Both are filled with good times.  My good man Travis turned 17 on Thursday.  Yesterday we had had a b-day party at Ian’s place, and it was a fucking good time is what it was.  I can’t handle big parties, I hate ’em, but it was really just a few close friends just hanging out.  Which is my favorite.  I can’t handle too many people, or else I do an Asperger’s freakout.  I played some guitar, explained some autonoma theory, talked about stuff, then got blitzed and turned in to a sentemental cartoon of a wino.  I’d say my +20 liver of steel diety level holy liquor containment was definitely called upon.  I rarely drink so much.  But anyway.  I also recorded some hilarious footage, but I was told posting it would be in bad taste, so no drunken antics for you.

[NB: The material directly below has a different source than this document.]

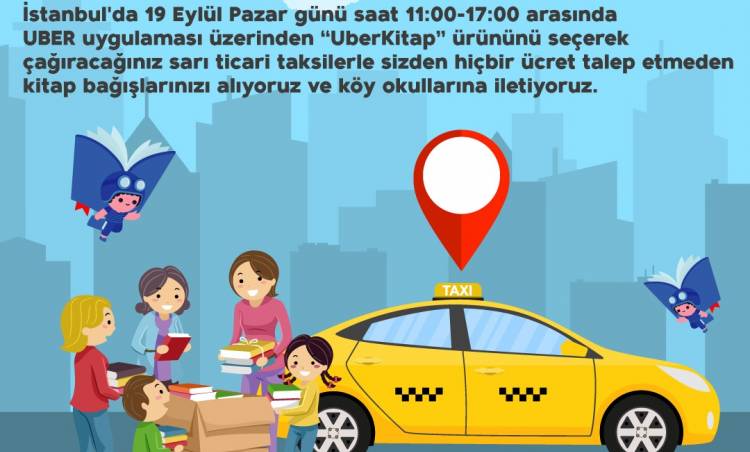 UBER ile Herkese Kitap Vakfı el ele vererek kitap dostlarından toplayacakları kitapları ihtiyaç sahibi okullara gönderecek. 19 Eylül Pazar günü 11:00-17:00 saatleri arasında İstanbul il sınırları içinde UBER sarı taksi çağıran herkese ücretsiz gidip bağışlayacakları kitapları alacak. Toplanan kitaplar Herkese Kitap Vakfı tarafından Türkiye’nin dört bir yanında kitabı olmayan okullara gönderilecek.

But here are two pictures:

Travis recites a random Lord of the Rings passage to Cat in the spirit of awesome.

Travis recites a random Lord of the Rings passage to Cat in the spirit of awesome.

SHR3DZ0RZ

You know what else totally shreds?  Tesselation algorithms!  Check this shit out:

  1. Walk around loop and record all x and y values in respective lists.  O(n) [iterate through nodes and copy values to lists]
  2. Remove duplicate x and y values, treating the lists independently.  O(n) [iterate through lists, remove and continue only]
  3. Divide the space in to tiles using the x and y values from the nodes as seperate lists.  O(1) [create tile array]
  4. Scan the tiles left to right, top to bottom.  Anywhere possible: Grow a rectangle right and down for each iteration until as much space as possible is full.  Repeat until all scanned.  O(amortize(n))

Conclusion: this is a good-ass algorithm!  BAM!